I think maybe last quarter or in the recent past, I said there were a few things that I track carefully and they -- I just wanted to address them again for you. One is the need to pay attention to our IP because the IP business is what is going to maintain us in a reasonable position here until we see the Bandwidth Engine or our thrust into IC start offsetting our cash burn and we start to generate some cash.
So we will continue to pay a lot of attention to IP. We did make some organizational changes. We generated a lot of collateral to enhance our customers' ability to understand what we have and how to use it and we are gratified that it looks like it is making good progress for us.
Secondly, regarding -- the second point would be the Bandwidth Engine 1 itself. I didn't used the term today, but the only thing that really matters to me is that the product gets released. That means that I get it completely transferred from the technology development side, all questions answered over into what I am going to call a business unit side of the company where they now have accepted it, meaning that it is working and characterized properly. It is responding well to what the integration of the design to the process architecture that we are using at our foundry is close and we are on some decent part of the deeper density curve. And at that point in time it becomes a matter of just polishing the apple 24 hours a day, seven days a week.
And so that BE1 release I would like to think is somewhere between the end of the second quarter to somewhere in the second half of the third quarter. And we continue to be focused very hard on that.
I mentioned briefly that we would continue to work on improving our financial performance and managing cash utilization. We are investing heavily in the Bandwidth Engine in 2011. We just got done telling Joel we don't see any step-up in cost, but nonetheless we do burn cash and we are focused on growing the IP business and it's a primary source to offset the expenses, and it's a support of non-dilutive cash as I often refer to. It supports our development efforts and -- but we need to manage costs carefully and we will continue to do that.
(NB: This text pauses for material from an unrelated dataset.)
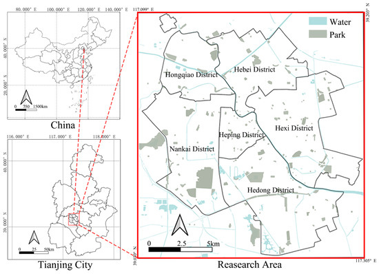 This study focuses on the six central districts of Tianjin, China—Heping (HP), Nankai (NK), Hedong (HD), Hexi (HX), Hebei (HB), and Hongqiao (HQ)—where population density, urban vitality, and demand for urban parks are most concentrated (Figure 1). First, we construct behavior-grounded visitation intensity (VI).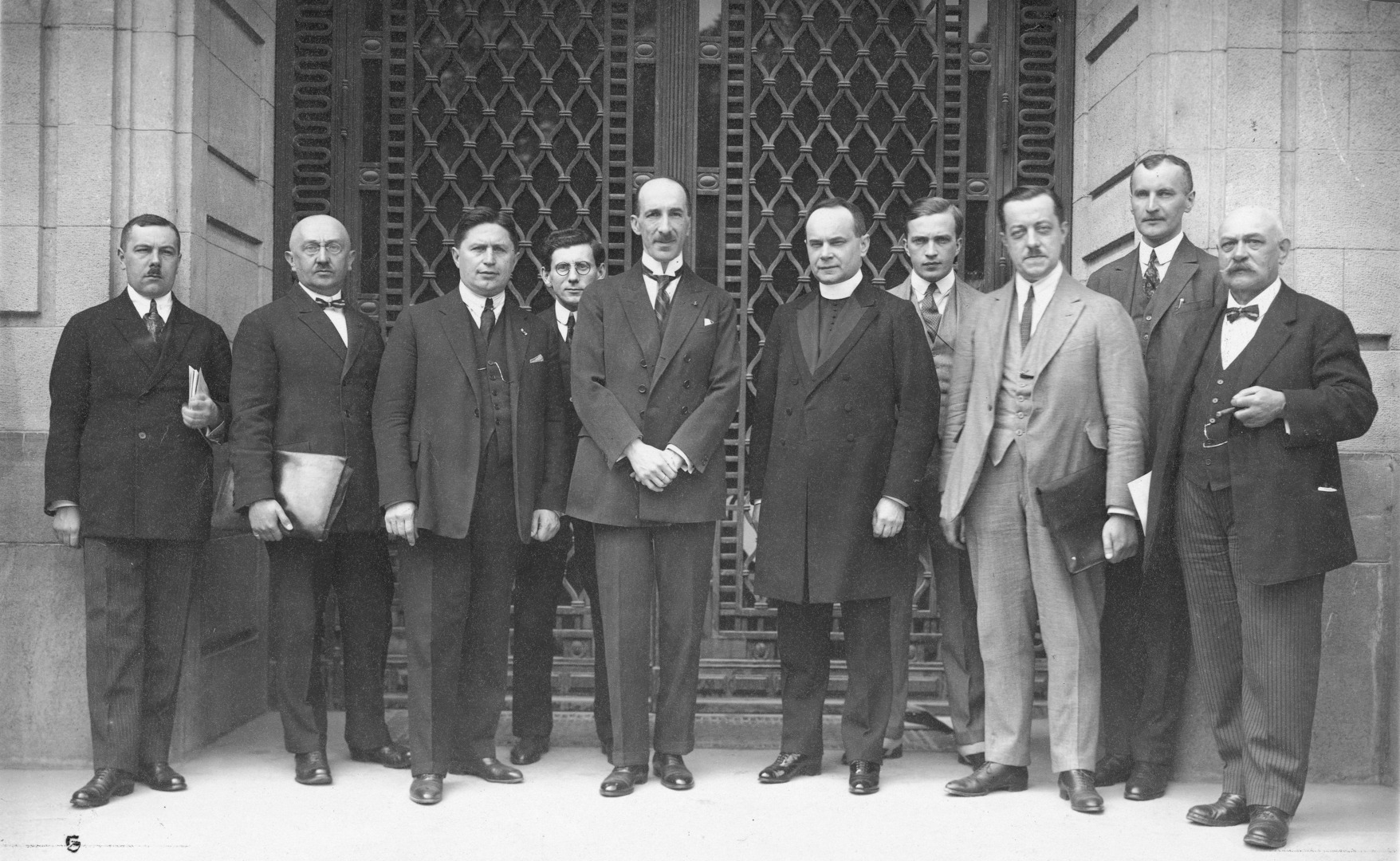 Delegacja polska na VII Posiedzenie Międzynarodowej Konferencji Pracy w Genewie. Widoczni na pierwszym planie od lewej: poseł Ludwik Waszkiewicz, Stanisław Okolski, prawnik Stanisław Jurkiewicz, minister pracy i polotyki społecznej Franciszek Sokal, poseł Aleksander Wóycicki, poseł Bronisław Ziemięcki, redaktor Teller. Stoją z tyłu: Horowitz, Michał Potulicki, Skokowski.

And finally, just on a sort of a scheduling thing, we are going to be with Benchmark in Milwaukee at their Investor Conference on May 12. We would welcome the opportunity to meet you face to face if you can get by there. Just schedule a meeting with us or just contact your Benchmark representative and I'm sure he will set it up for you.
So I'd like to thank you all for coming on the call today. I thank you all for the patients you have with the team and we look forward to talking to you again soon and letting you know that we are on schedule and on plan and moving to the right place. Thank you very, very much.
Operator
Ladies and gentlemen, that concludes today's conference. Thank you so much for your participation. You may now disconnect and have a great day.